WEST LAFAYETTE, Ind. – A computer model originally applied to such theoretical problems as understanding the mathematics behind soap bubble formation could be worth millions of dollars for companies that operate communications satellites.
Engineers recently have used the model to develop an innovative method for better gauging how much fuel is left in the expensive satellites. Moreover, the technique uses temperature data that are already routinely collected, meaning it requires no additional satellite hardware and can be applied to existing spacecraft.
The satellites, which are maintained in the proper position about 22,500 miles above Earth by firing small rocket thrusters, must be replaced shortly before they run out of fuel. Enough fuel must remain to get the satellites out of orbit to make room for their replacements.
The net annual revenues for a single satellite may be in the billions of dollars, so the premature retirement of a space vehicle is no small matter, said Steven Collicott, an associate professor of aeronautics and astronautics at Purdue University. More accurate fuel-gauging methods are needed so that companies can better determine when to replace a satellite.
Every drop of the hydrazine rocket fuel is worth more than its weight in gold. For satellites that send signals to pagers or residential TV dishes, just one pound of hydrazine translates into about $2.5 million in revenue.
"If it's so expensive to get a pound up there, then you better do everything you possibly can to use it efficiently," Collicott said. He was one of three engineers who wrote a research paper demonstrating how the computer model is used in a new method for gauging the quantity of propellant in a satellite's fuel tank.

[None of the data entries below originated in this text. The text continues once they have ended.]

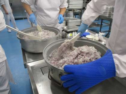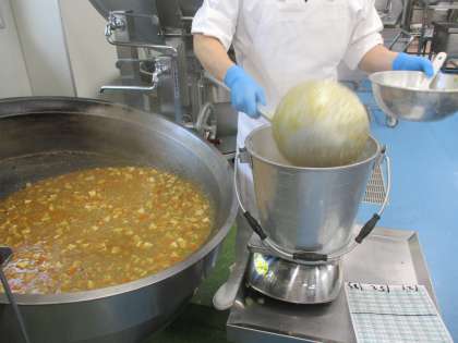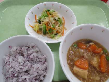 今日は「生揚げのそぼろ煮」です。生揚げは木綿豆腐を高温の油で揚げて作ります。たまねぎ・人参・じゃがいも・グリンピース・椎茸・豚ひき肉を使用して作っています。美味しくいただけるといいですね。
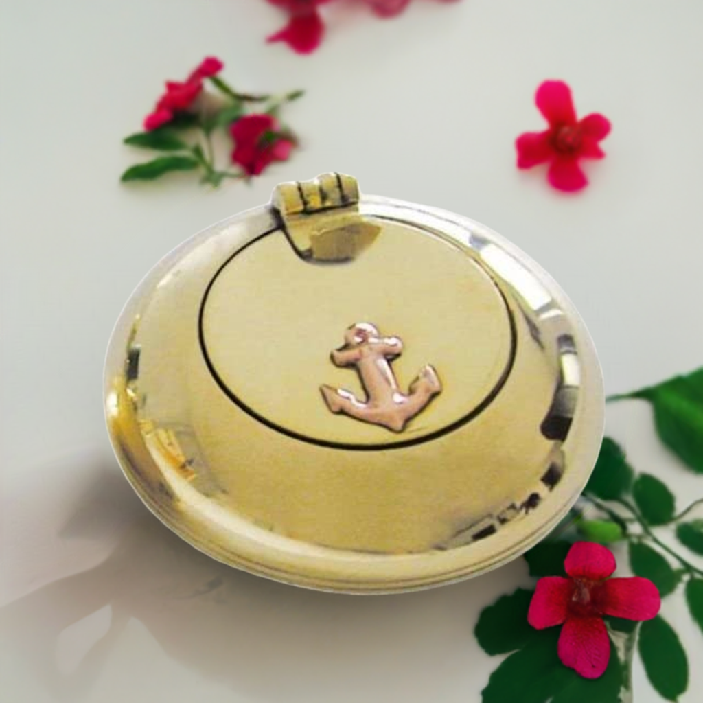 Cenicero plegable de bolsillo fabricado en latón y cobre, decorado con un ancla. El diámetro es de 5 cm. Ideal para viajes: manejable y práctico.
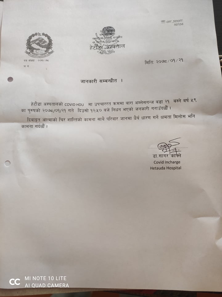 हेटौंडा अस्पतालको कोभिड एच डि यु (High Dependency Unit) मा उपचाररत बाराको अमलेखगंज २१ का ४९ बर्षका पुरुषको मृत्यु भएको अस्पतालका कोभिड ईन्चार्ज डाक्टर सागर काफ्लेले जानकारी दिनुभयो । ती पुरुषको दिउँसो १२ बजेर ५० मिनेटमा ज्यान गएको डाक्टर काफ्लेले बताउनु भएको छ ।
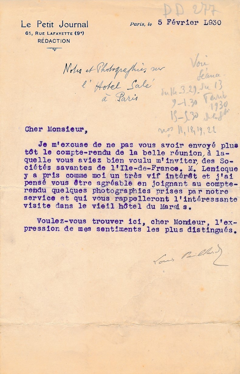 1 Lettre dactylographiée sur un papier à entête du Petit Journal URL | Photographies (7) de l'hôtel Salé URL |
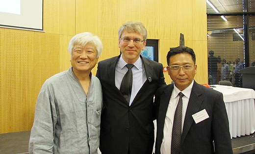 | ▲왼쪽부터 김영주 NCCK 총무, 울라프 픽쉐 트베이트 WCC 총무, 조선그리스도교연맹 강명철 신임 위원장. ⓒ사진=NCCK 제공 |
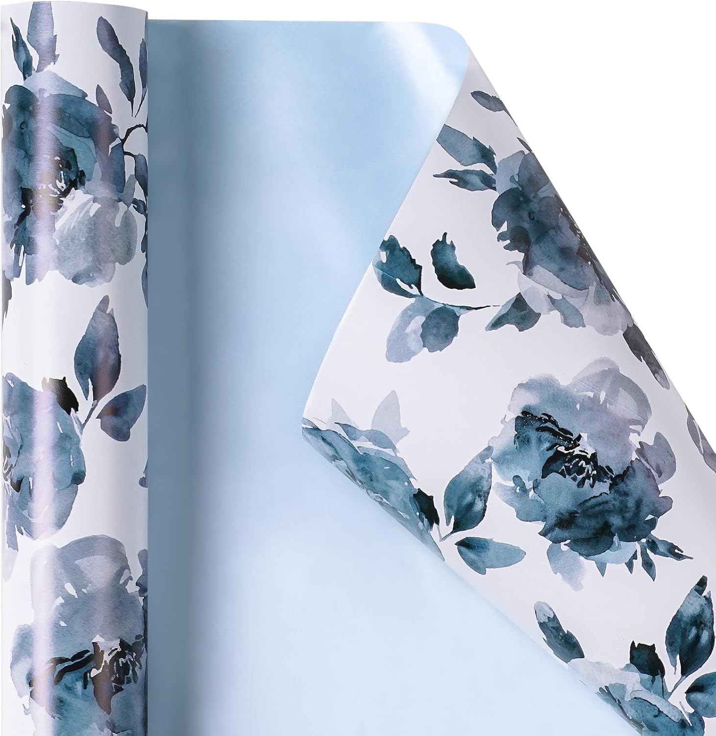 • Elegant Reversible Design: This double-sided wrapping paper features a watercolor blue floral pattern on one side and a solid light blue color on the other, offering a versatile and stylish look for different occasions
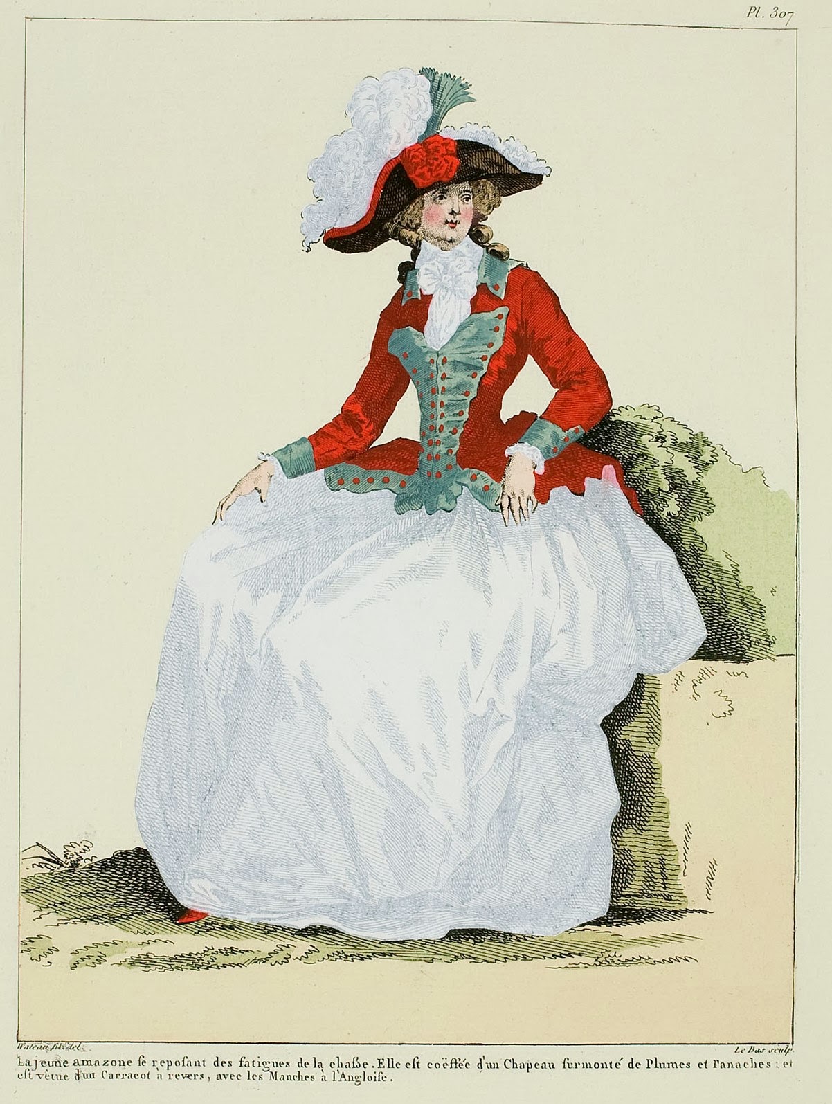 Hmm, wearing a white petticoat of any material around horses just seems like a bad idea! Never mind riding in one. I grew up riding and going to shows and I can tell you things never stayed clean for long. Loving the green and red riding jacket in this print. A period riding habit has been on my sewing list for sooooo long!-EmilyEmily's Vintage Visions
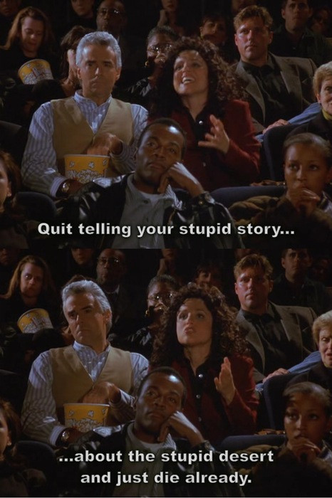 I realize I'm in the minority here, but my lack of interest is nothing compared to Elaine's seething hatred for The English Patient.
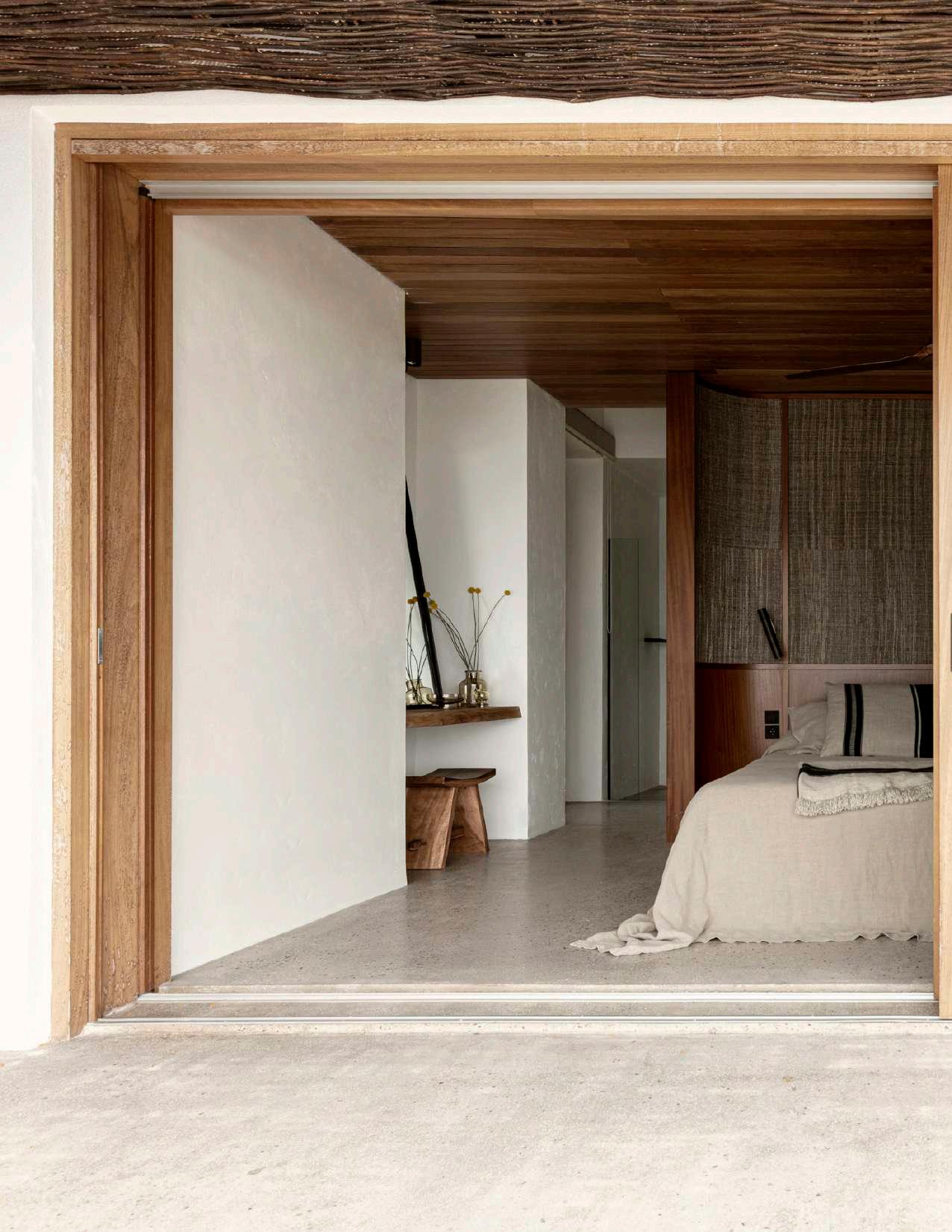 The living room has a smooth composition of materials: stone floor and walls, concrete ceiling and wooden panels. This clearer and more welcoming composition of natural materials contrasts with the composition of furniture textures, such as leather and linen. Light invades the interior through the rope brises, which bring beauty and dynamism to the facade, helping to provide sun protection and also privacy, when necessary.
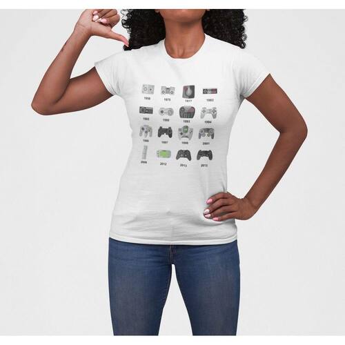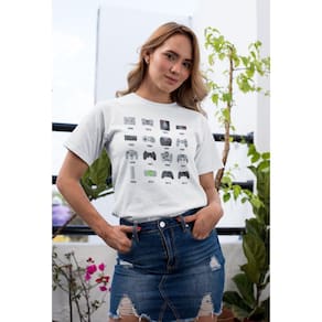 Camiseta ECF Feminina Controles de Video Game Manga Curta Branca Poliester - Branco - M
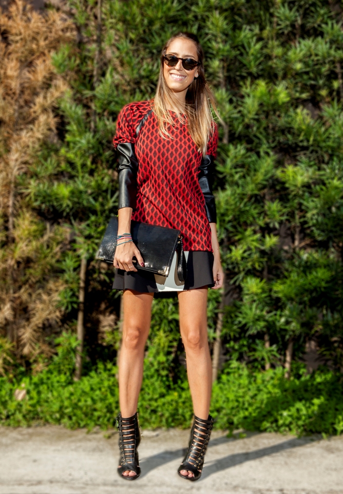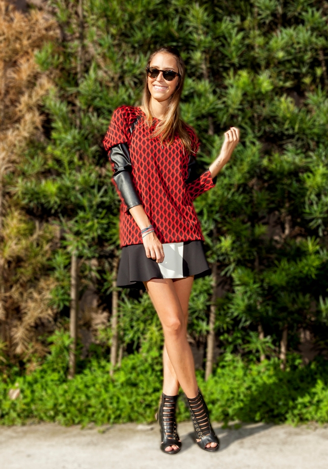 Sei que o clima é de Copa, mas o look de hoje é baseado no vermelho, preto e branco. Moletom estampado com detalhes em couro + saia godê bicolor foram as peças chave para essa produção. Pra deixar ainda mais cool e estilosa, optei pela open boot preta + clutch e óculos de sol. Ótima opção para sair com as/os amigos ou até mesmo para trabalhar – trocaria apenas a clutch por uma bolsa maior. Eu adorei e vocês?
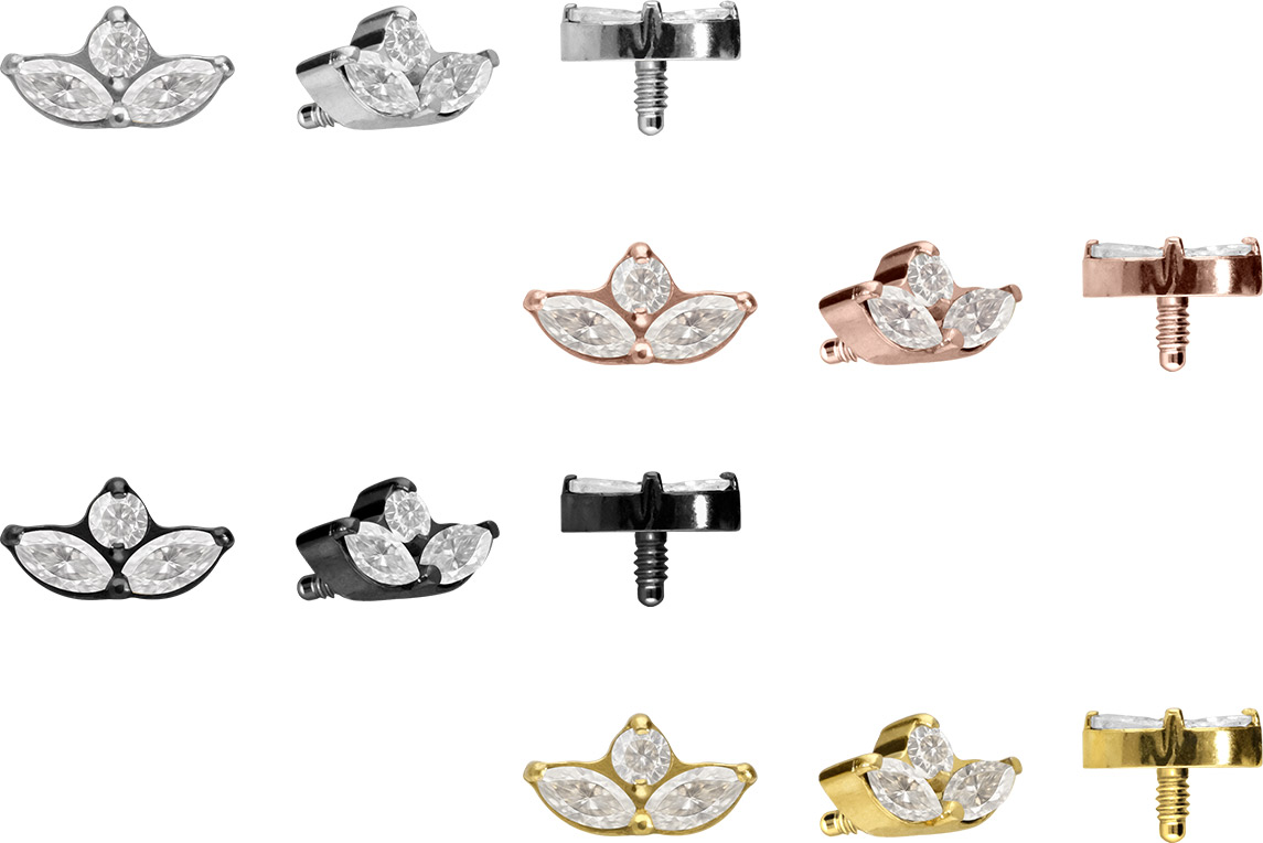 Dieser zeitlos schöne Schraubaufsatz in Form einer Lotusblüte, die sich aus mehreren funkelnden Kristallen zusammensetzt, wurde speziell für unsere Innengewinde-Piercings entwickelt und besteht aus
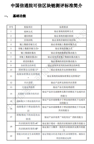 【主要内容】:本标准包含了评估可信区块链功能的方法和指南。主要内容包括:基础功能、BaaS平台、性能标准、安全标准、存证应用标准、供应链金融、密码专项、溯源应用标准、政务应用标准等。
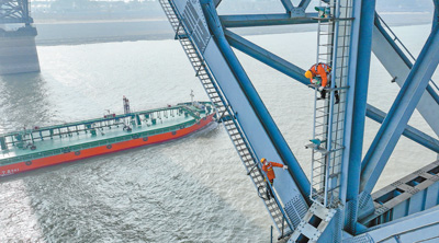 近日,中國鐵路南昌局九江橋工段職工正在檢修九江長江大橋上的航標燈,為春運安全暢通保駕護航。
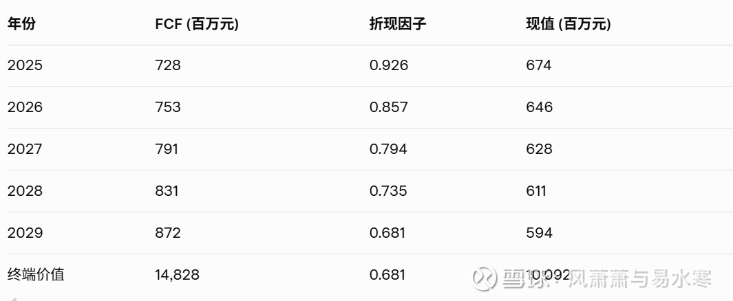 终端价值(2029年后):基于2029年FCF 872百万元,按永续增长2%计算,终端价值 = 872 × (1 + 0.02) / (0.08 - 0.02) = 14,828百万元。
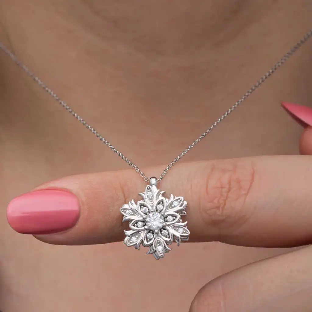 Kadınların ışıltısı, berraklığı kar tanesine benzetilip özel olarak tasarlanmıştır. Kar tanelerinin her birinin kadınlar gibi eşsiz ve ayrı kıymette olması onları özel kılan bir diğer özelliktir. Asilliği her dönemde dikkat çekmeyi başarmıştır. Bunun yanında insanların tıpkı kar taneleri gibi birbirlerine zarar vermeden de mutlu bir şekilde yaşayabileceklerini sembolize etmektedir. Bu şık kolye; doğum günü hediyesi, sevgililer günü hediyesi veya annelere hediye olarak özel günlerde tercih edilebilecek mükemmel bir seçenektir. Kolye, 925 ayar gümüşten imal edilmiştir. Gümüş üzerine rodyum kaplama yapılmıştır. Rodyum kaplama yapılan gümüş kadın kolye modelleri parlaklığını uzun süre muhafaza eder, oksitlenmesi gecikir. Zincir boyu ortalama 45 cm'dir. Tüm gümüş kadın kolye modellerinde olduğu gibi bu gümüş kar tanesi dönen stres kadın kolye de tamamı el emeği ile üretilmiştir. Gümüş ve değerli taşlar nedeniyle belirtilen ortalama ürün ağırlığında ± %10 sapma olabilmektedir.
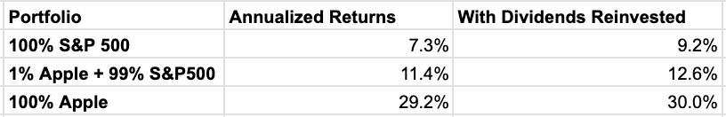 Your $100 in Apple would have turned into $139k while your $9,900 in the S&P 500 turning into about $73k, for a total of $212k. With this extra 1% risk you took, you nearly tripled your investments!
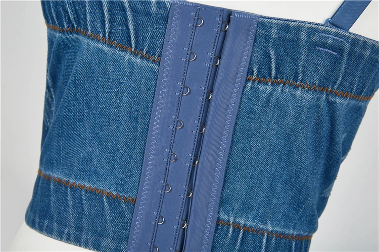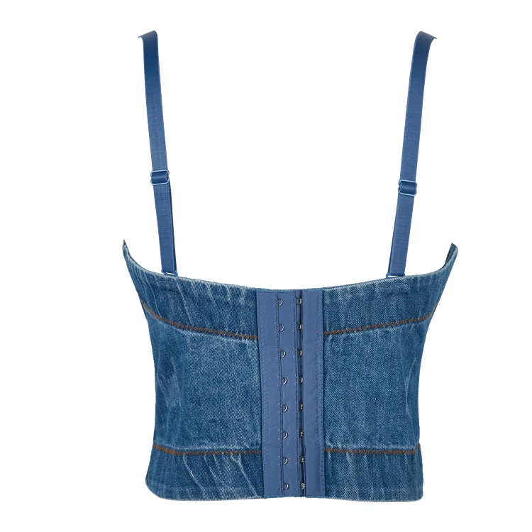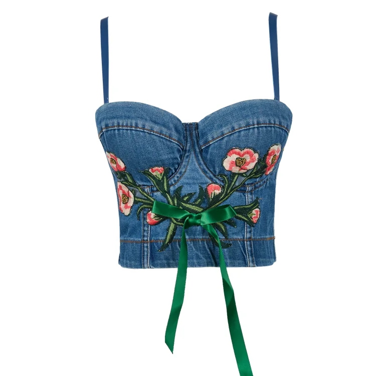 Summer New Sexy Denim Tops Roses pattern embroidery Cowboy Sling corset,Ideal for parties
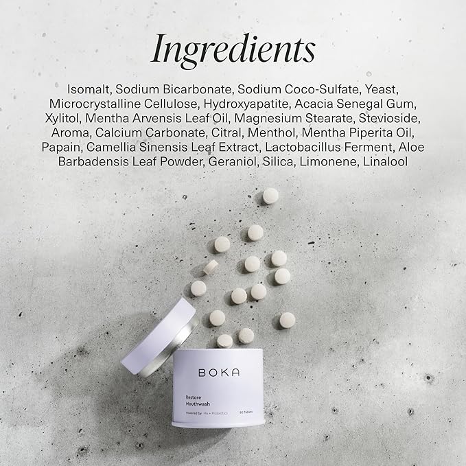 Boka Travel Size Mouthwash Tablets - Hydroxyapatite, Fluoride Free & Alcohol Free - Chewable Tablets to Freshen Breath, Kill Odor Quickly & Helps Remineralize Teeth - (Pack of 2, 90 Pcs, Mint)
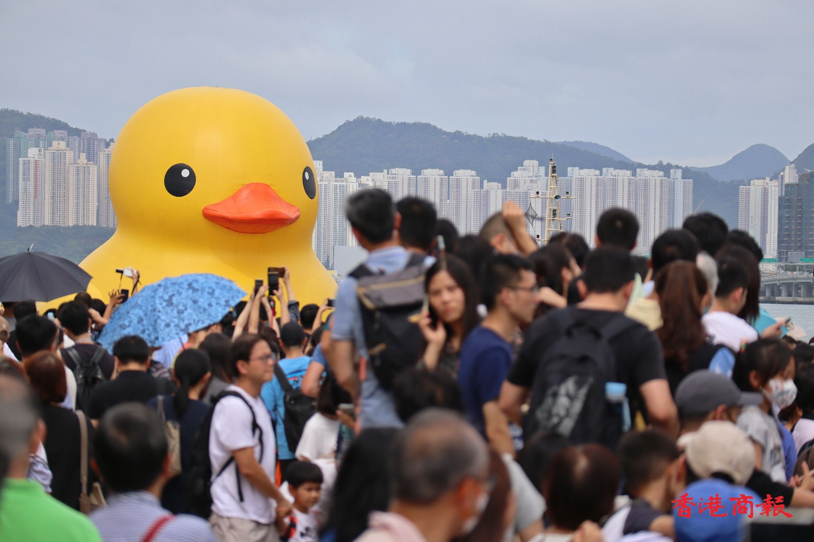 兩隻巨型黃色橡皮鴨最後一日在維港展出,其中一隻大黃鴨約下午1時半左右起沿維港兩岸巡遊,吸引不少市民在維港兩岸觀賞,尖沙咀海傍更是萬人空巷,人潮如湧。早上天氣雖然不穩,但仍有不少市民冒雨前來,一早佔據有利位置,希望近距離一睹大黃鴨的風采。除了香港市民,也有不少路經的旅行團駐足觀看,更有些內地遊客早上乘高鐵抵港,趕在展覽完結前與橡皮鴨合照。亦有市民對展覽結束感到失望和可惜,希望可以延長展期。

The paper appeared in the November-December issue of the Journal of Spacecraft and Rockets, published by the American Institute of Aeronautics and Astronautics. It was written by Jay Ambrose, an engineer at Lockheed Martin Corp.'s Advanced Technology Center; Collicott; and former Lockheed Martin engineer Boris Yendler.
Although it may sound like a simple task, precisely monitoring the quantity of propellant in a satellite's fuel tank is not so easy. The problem's complexity is perhaps illustrated by the level of skills needed for the research, said Collicott, adding that all three researchers have doctoral degrees in aerospace engineering.
"It's not like a car's fuel tank, which has a little float that floats on top of the gasoline and moves a lever," Collicott said. "Floats don't work in space because everything is floating."
Conventional gauging methods include calculating fuel consumption based on the number and duration of all rocket firings since launch. Because engineers know how much fuel the rockets consume, they can estimate how much is left. Another technique is to use the ideal gas law, in which the temperature and pressure of gas in a container can be used to calculate how much gas is present. Knowing how much gas is contained in the tank, in turn, reveals information about how much liquid fuel is present.
"These methods have worked, but the quest for improvements and redundancy led to the new technique," Collicott said.
The engineers used a model created in the early 1990s by Kenneth Brakke, a mathematics professor at Susquehanna University, to help improve fuel gauging. The model was initially used to describe the mathematics behind such phenomena as the formation of soap bubbles. It also helped to solve the following problem: When a straw is placed inside a glass of water, why does the water level inside the straw rise higher than the level in the glass?
"The exact same physics, the wicking action, is responsible for positioning fuel inside the tank," Collicott said. "Here on Earth we see this capillary action only on very small length scales because gravity generally overwhelms it.
"But in space the weight of the liquid is irrelevant."
Consequently, the effect is exaggerated in space, making it more difficult to predict the liquid's movement and its location inside the tank.
However, Collicott's application of the model makes it possible to use routine temperature data from the satellite to monitor how much fuel is left in the tank. Those data come from heaters, which are needed to keep the fuel from freezing, and temperature sensors located on the outside of the fuel tank.
Areas of the tank that contain fuel take longer to heat, while portions of the tank that are empty heat up faster. The more fuel that is present, the longer it takes to heat.
"The same principle applies to a pot of water on a stove," Collicott said. "The less water there is in the pot, the faster it heats up."
Information returned to Earth from satellites reveals how fast different areas of the tank are heating up, indirectly indicating where the most fuel is located. The model uses the temperature information to provide a detailed, three-dimensional understanding of where fuel is located inside the tank. That information can, in turn, be used to calculate how much fuel remains in the tank.
"One practical benefit of this gauging method is that it makes use of hardware that is already a standard part of these satellites," Collicott said. "As such it can even be applied to satellites launched before this work began."
Lockheed Martin uses the technique on some commercial communications satellites, such as those for digital television broadcast to homes. The technique may be improved in the future, as researchers gain a better understanding of how fluids behave in weightlessness.
"Propellant gauging has long been a problem," Collicott said. "I am not saying by any means that this has the whole thing solved."
The technique also might be used to help design satellite fuel tanks that better control the position of liquid propellants. An unbalanced load can cause a satellite to wobble, which requires a greater use of thrusters to control the spacecraft. Designs that better control the fuel's movement would result in less fuel consumption and increased revenue, Collicott said.